Auschwitz museum: Russia not invited to event marking camp’s liberation by Red Army

WARSAW — The Auschwitz Museum said Wednesday that the war in Ukraine will exclude Russia from an upcoming ceremony marking the 78th anniversary of the Red Army’s liberation of the Nazi death camp.
“Given the aggression against a free and independent Ukraine, representatives of the Russian Federation were not invited to this year’s commemoration,” Piotr Savitsky, a museum representative at the site of the former camp, told AFP.
Friday marks 78 years since the liberation of the Auschwitz-Birkenau death camp built by Nazi Germany in occupied Poland, a date that has become Holocaust Remembrance Day.

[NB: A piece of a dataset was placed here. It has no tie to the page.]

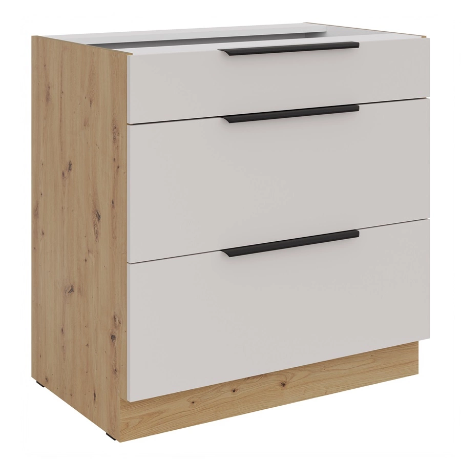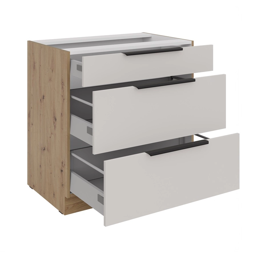 Küchenschrank mit Schubladen Soela 80 D 3S BB Metallkantengriffe feuchtigkeits- und beschädigungsbeständiger Schrank

Until now, Russia has always taken part in the commemorations held every year on January 27, and its delegate spoke at the main ceremony.
The director of the museum, Pyotr Tsyvinsky, said that it was obvious that under the current conditions he could not “sign a letter to the Russian ambassador in an inviting tone.”
“I hope this will change in the future, but we have a long way to go,” he said, according to the PAP news agency. “Russia will need an extremely long and very deep introspection after this conflict in order to return to the meetings of the civilized world.”
The museum condemned the Russian offensive as a “barbaric act” on the day Russia invaded Ukraine on February 24 last year.
Auschwitz-Birkenau became a symbol of Nazi Germany’s genocide of six million European Jews, one million of whom perished in camps between 1940 and 1945, along with over 100,000 non-Jews.